Referências técnicas

[1] TRIBUNAL DE CONTAS DA UNIÃO. Engenharia de Custos em Obras Públicas — Um guia de perguntas e respostas. Brasília: TCU, 2026. Item 4.2.4 — efeitos Cotação, Barganha, Marca, Administração Pública e Embalagem.

[2] TRIBUNAL DE CONTAS DA UNIÃO. Acórdão nº 2.984/2013-TCU-Plenário. Orçamentos de obras de maior vulto, pesquisa de mercado e ganhos de escala. Disponível em: [TCU — Acórdão 2.984/2013](https://pesquisa.apps.tcu.gov.br/documento/publicacao/%2528%2522an%25C3%25A1lise%2520de%2520mercado%2522%2520OU%2520%2522pesquisa%2520de%2520mercado%2522%2520OU%2520%2522prospec%25C3%25A7%25C3%25A3o%2520de%2520mercado%2522%2520OU%2520%25E2%2580%259Clevantamento%2520de%2520mercado%25E2%2580%259D%2529/%2520/DTRELEVANCIA%2520desc/17).

[3] CAIXA ECONÔMICA FEDERAL. SINAPI — Sistema Nacional de Pesquisa de Custos e Índices da Construção Civil. Metodologias, documentação técnica e relatórios. Disponível em: [CAIXA — SINAPI](https://www.caixa.gov.br/poder-publico/modernizacao-gestao/sinapi/Paginas/default.aspx).

[4] CAIXA ECONÔMICA FEDERAL. SINAPI — Metodologias e Conceitos. Brasília, 2026. Disponível em: [CAIXA — Livro SINAPI Metodologias e Conceitos](https://www.caixa.gov.br/Downloads/sinapi-metodologia/Livro_SINAPI_Metodologias_Conceitos.pdf).

[5] BRASIL. Decreto nº 7.983, de 8 de abril de 2013. Regras e critérios para orçamento de referência de obras e serviços de engenharia. Disponível em: [Planalto — Decreto nº 7.983/2013](https://www.planalto.gov.br/ccivil_03/_ato2011-2014/2013/decreto/d7983.htm).

[6] DEPARTAMENTO NACIONAL DE INFRAESTRUTURA DE TRANSPORTES. SICRO — Sistema de Custos Referenciais de Obras. Disponível em: [DNIT — SICRO](https://www.gov.br/dnit/pt-br/assuntos/planejamento-e-pesquisa/custos-referenciais/sistemas-de-custos/sicro).

Perguntas frequentes
O preço SINAPI é igual ao preço de mercado?

Não necessariamente. O SINAPI é uma referência construída segundo metodologia própria. Uma compra concreta pode apresentar diferenças por escala, negociação, marca, embalagem, logística e outras condições de mercado.

Quais são os cinco efeitos que podem distorcer a comparação com SINAPI e SICRO?

O Guia do TCU de 2026 organiza cinco efeitos: Cotação, Barganha, Marca, Administração Pública e Embalagem. Eles orientam a pesquisa, mas não possuem percentuais universais de ajuste.

Posso aplicar um desconto de barganha sobre todo o SINAPI?

Não.

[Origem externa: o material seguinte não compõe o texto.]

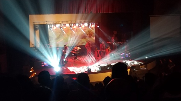 キャンディーの名門仏教系男子公立校の生徒会主催ロックコンサートのステージ

Ganho de escala precisa ser demonstrado para insumos e quantidades concretas. O Acórdão 2.984/2013 recomenda pesquisa para itens economicamente relevantes em obras de maior vulto.

Quando é necessário pesquisar preço de mercado além do SINAPI?

A pesquisa adicional é especialmente útil em insumos de alta materialidade, grandes volumes ou situações em que existam indícios de que a referência não representa as condições locais ou comerciais do empreendimento.

Se a pesquisa não encontrar desconto de escala, qual valor usar?

O entendimento citado pelo TCU é que, não demonstrado ganho de escala disponível no mercado, a referência do SINAPI pode ser mantida.

Um custo acima do SINAPI pode ser aceito?

Sim, nas hipóteses e condições previstas na legislação. O Decreto 7.983/2013 admite ajustes tecnicamente justificados, que devem ser demonstrados em relatório elaborado por profissional habilitado.

Qual a diferença entre efeito Barganha e efeito Embalagem?

Barganha decorre da negociação e do poder de compra associado ao volume. Embalagem decorre da apresentação comercial do produto pesquisado, como unidade avulsa, caixa, bobina ou lote.

Os cinco efeitos podem ser usados para calcular superfaturamento?

Não como percentuais automáticos. Para quantificar sobrepreço ou dano é necessário estudo comparável e específico, considerando composição, quantidade, condição comercial, logística e demais elementos do preço.